# Prompt
Would you return the lines between the one holding "있다. (사진=나주시) |" and the one holding "Inizia il tuo", inclusive, and only those, exactly as they stand in the listing below?

# Exercise input

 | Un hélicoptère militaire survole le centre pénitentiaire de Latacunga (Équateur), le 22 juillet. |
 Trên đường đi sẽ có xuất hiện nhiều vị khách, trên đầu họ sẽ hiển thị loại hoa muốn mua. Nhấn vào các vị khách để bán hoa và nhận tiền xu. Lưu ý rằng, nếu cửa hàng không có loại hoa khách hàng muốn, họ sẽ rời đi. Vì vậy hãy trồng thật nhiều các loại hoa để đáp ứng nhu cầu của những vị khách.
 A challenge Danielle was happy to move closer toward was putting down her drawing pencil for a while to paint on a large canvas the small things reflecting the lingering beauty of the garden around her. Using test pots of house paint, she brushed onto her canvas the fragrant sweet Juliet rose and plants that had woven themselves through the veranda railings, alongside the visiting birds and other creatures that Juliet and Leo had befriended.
* * *
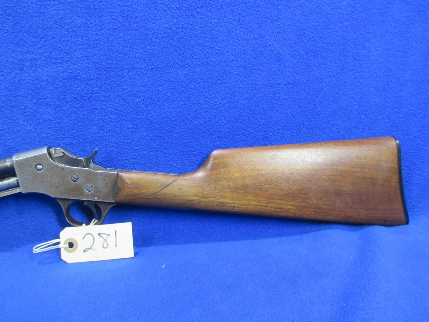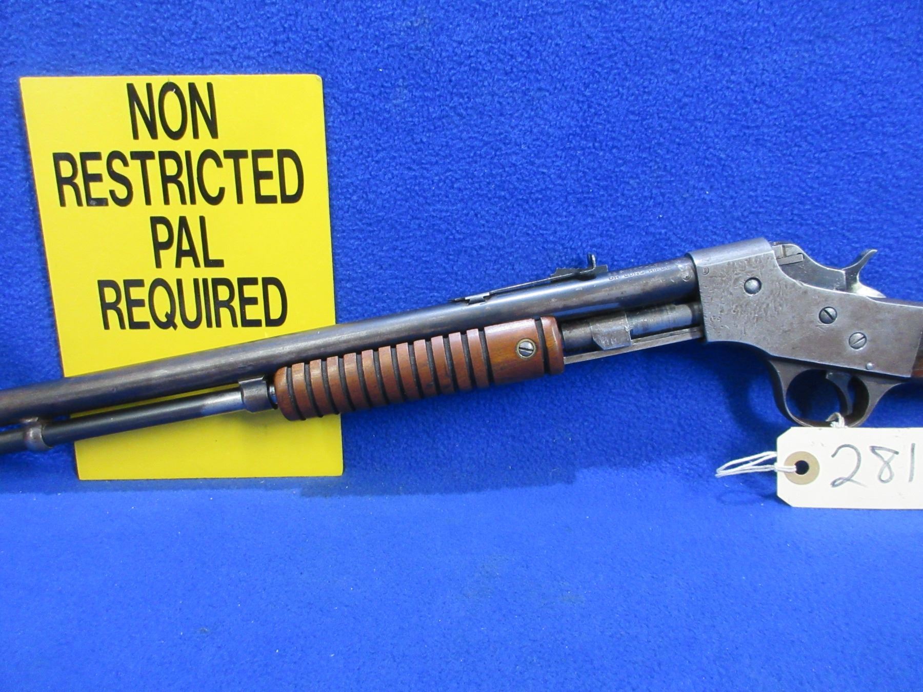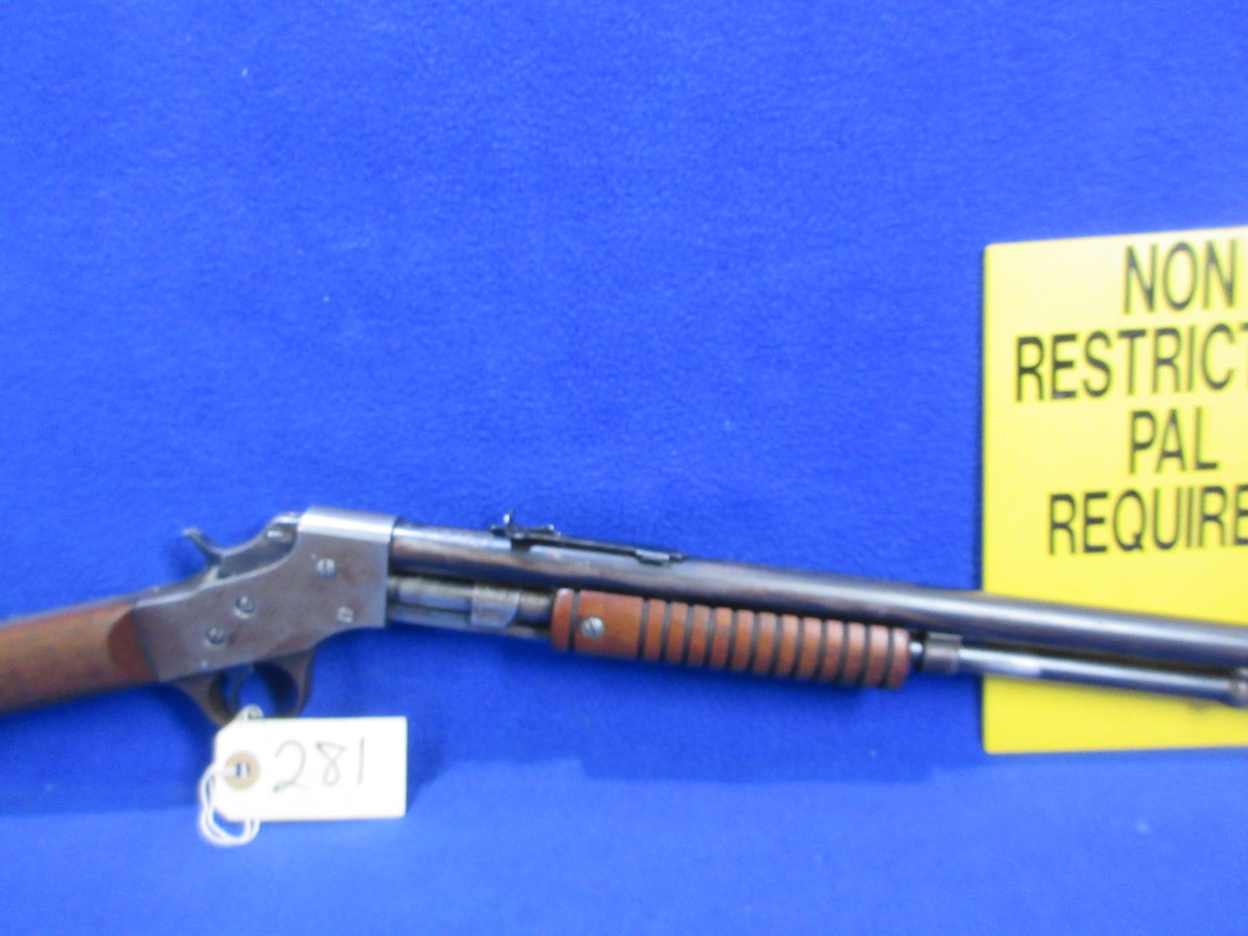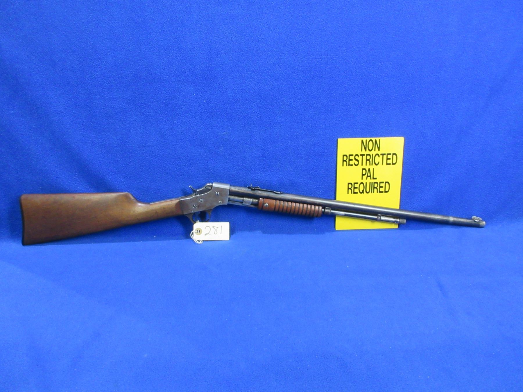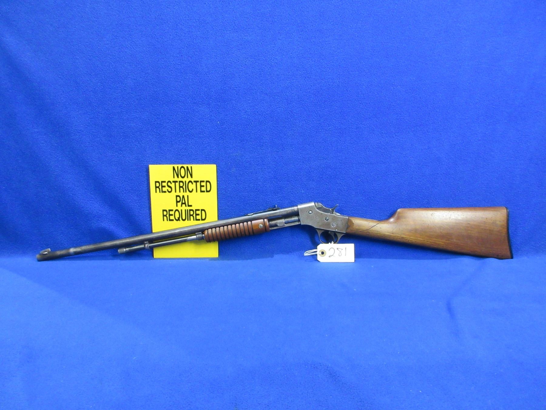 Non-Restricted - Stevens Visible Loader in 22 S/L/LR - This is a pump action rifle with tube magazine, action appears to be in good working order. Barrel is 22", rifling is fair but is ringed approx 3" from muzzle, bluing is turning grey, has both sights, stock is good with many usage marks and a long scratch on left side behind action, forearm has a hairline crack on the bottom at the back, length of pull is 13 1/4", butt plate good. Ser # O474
...
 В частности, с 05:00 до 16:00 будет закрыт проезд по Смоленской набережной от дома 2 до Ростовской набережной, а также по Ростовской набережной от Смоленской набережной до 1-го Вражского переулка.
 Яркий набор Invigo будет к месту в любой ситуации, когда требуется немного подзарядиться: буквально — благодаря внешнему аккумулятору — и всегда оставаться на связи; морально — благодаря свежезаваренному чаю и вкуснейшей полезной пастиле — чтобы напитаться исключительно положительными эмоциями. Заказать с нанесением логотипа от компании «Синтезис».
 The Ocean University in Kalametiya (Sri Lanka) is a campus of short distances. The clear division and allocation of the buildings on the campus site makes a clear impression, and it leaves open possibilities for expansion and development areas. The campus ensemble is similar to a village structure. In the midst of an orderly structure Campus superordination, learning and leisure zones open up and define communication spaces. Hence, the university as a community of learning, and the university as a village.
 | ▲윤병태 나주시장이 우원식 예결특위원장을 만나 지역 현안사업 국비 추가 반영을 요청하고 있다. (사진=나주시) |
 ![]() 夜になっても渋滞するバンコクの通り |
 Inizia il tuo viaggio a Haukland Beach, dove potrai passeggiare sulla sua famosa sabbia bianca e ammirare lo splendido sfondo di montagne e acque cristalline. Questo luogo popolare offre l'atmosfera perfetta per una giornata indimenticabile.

# Solution for this task
 | ▲윤병태 나주시장이 우원식 예결특위원장을 만나 지역 현안사업 국비 추가 반영을 요청하고 있다. (사진=나주시) |
 ![]() 夜になっても渋滞するバンコクの通り |
 Inizia il tuo viaggio a Haukland Beach, dove potrai passeggiare sulla sua famosa sabbia bianca e ammirare lo splendido sfondo di montagne e acque cristalline. Questo luogo popolare offre l'atmosfera perfetta per una giornata indimenticabile.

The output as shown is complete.